Почему он решил, что я все это так хорошо знаю?..
Он подставил моему коню своего ферзя. И не заметил, так напряженно он смотрел мне в глаза. Да и я его ошибку заметил как-то совсем отстраненно, едва-едва — так напряженно я думал: господи боже, я ведь не знаю, что мне ему ответить! Я мог бы ответить уклончивыми общими словами, глупой шуткой, как мы обычно отвечаем детям… Да не только им… Я же не могу ему сказать (как, может быть, мог бы сказать ему лишь его безумный отец — или, возможно, даже и мать, преданная своему безумному мужу): помни, мой мальчик, сын таких родителей, как твои, никогда не должен домогаться дружбы государей, подобных нашим!
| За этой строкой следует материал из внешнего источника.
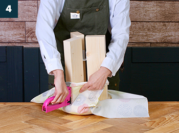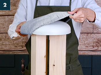 好みの生地でアレンジする場合は、裏返した生地の上にSTOOLを逆さまに置きます。
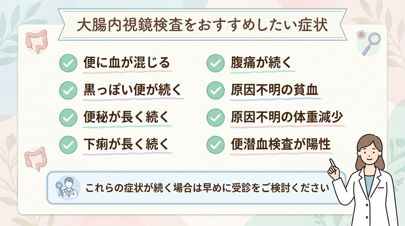 次のような症状が続く場合は、早めに受診し、必要に応じて大腸内視鏡検査を含めた精査を行うことが大切です。
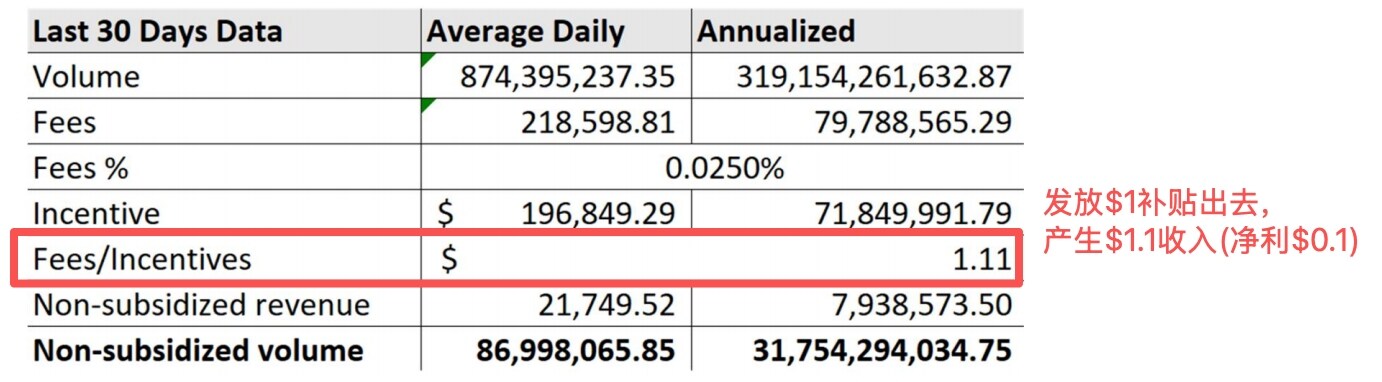 图:最近一篇推特上的文章 《Deadly Perp DEX Traps (and the Paths Out)》 披露一个团队如果收取 0.035% 的手续费,在分给做市商和返佣后,可能只剩下 0.015%。假设团队每月运营成本 50 万美元,需要每天至少 1.111 亿美元的 taker 吃单量才能保本

Есть много причин, по которым я не могу ему этого сказать. Прежде всего мне не позволяет чувство ответственности за его будущее. Даже если мои слова не окажутся весомы, как это обычно бывает, когда даются подобные советы, особенно если они даются детям (но, между прочим, мне кажется, что мальчик придает моим ответам сейчас и будет придавать и впредь значение более серьезное, чем мне хотелось бы…). Следовательно… чувство ответственности за его будущее. Какое я имею право, хотя бы в самой малой мере, — а ведь может случиться, даже решающей — способствовать тому, чтобы этот мальчик с его живым умом, забота и радость родителей, превратился, несмотря на его одаренность, в чудака, который всю жизнь только и будет что сопя бродить по своим полям. Может так и прожить всю жизнь провинциальным помещиком и за ломберным столом лифляндских дворян останется умной головой с горькими речами, о котором его собратья по сословию, доросшие до министров и генералов, станут говорить: глупец этот Георг фон Бок, ведь мог бы уже быть генералом или адмиралом, а он в отместку за отца изображает из себя оппозиционера… Какое же я имею право этому способствовать?
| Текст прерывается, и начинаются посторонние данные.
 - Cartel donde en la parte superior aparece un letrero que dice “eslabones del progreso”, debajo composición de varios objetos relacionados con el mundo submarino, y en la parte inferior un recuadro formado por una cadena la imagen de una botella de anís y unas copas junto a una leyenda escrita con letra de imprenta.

А во-вторых, и во имя правды я не могу советовать ему держаться подальше от царской дружбы. Из-за всех тех ужасов, от которых нельзя отречься, от ужасов, которые его отец высказал нашему прежнему императору… (я бросаю испуганный взгляд на плинтус над дверью в соседнюю комнату, и у меня такое чувство, будто моя тайна начинает просвечивать сквозь еловую доску, доска рассыпается в прах, и роковое содержимое моего тайничка разлетается по всему свету, и его уже нельзя больше собрать)… О боже, из-за невозможности отречься от всего совершенного отцом, со стороны сына было бы все же эгоистично и чрезмерно, — я скажу, даже несправедливо — таить из-за отца обиду и против нашего теперешнего государя.
Не следует ли мне сказать этому мальчику, сидящему сейчас передо мной в моем ночном халате, похожему на большого худенького чуткого птенчика: милый мальчик, твое зачисление в лицей свидетельствует о том, что император предлагает тебе возможность стать ему другом. Но только если ты сам того пожелаешь. И ты можешь мне поверить, я знаю кое о чем, что позволяет мне уверенно сказать: эго весьма великодушный шаг со стороны государя. Да-да, более великодушный, чем ты сейчас думаешь. Ибо это… но дальнейшее я все равно сказал бы только самому себе: ибо это по-царски даже и в том случае, если император действительно стремится вырвать мальчика у его родителей. Даже в этом желании оторвать мальчика я угадываю, о боже, разумеется, не одобрение, но все же молчаливое уважение к безрассудной традиции, которая через отца связывается с именем сына. Да-да, даже в царском стремлении отторгнуть сына есть какая-то искра рыцарственности… (Но есть ли? Бог его знает, бог его знает…) И в конце концов, по отношению к семье это во всяком случае прощение всех тех ужасов, которые высказал Тимо… (Но так ли это? Если его самого в то же самое время держат здесь взаперти? Может быть, все же это и не так…) Однако практически умнее всего было бы думать именно так… (А умнее ли?!)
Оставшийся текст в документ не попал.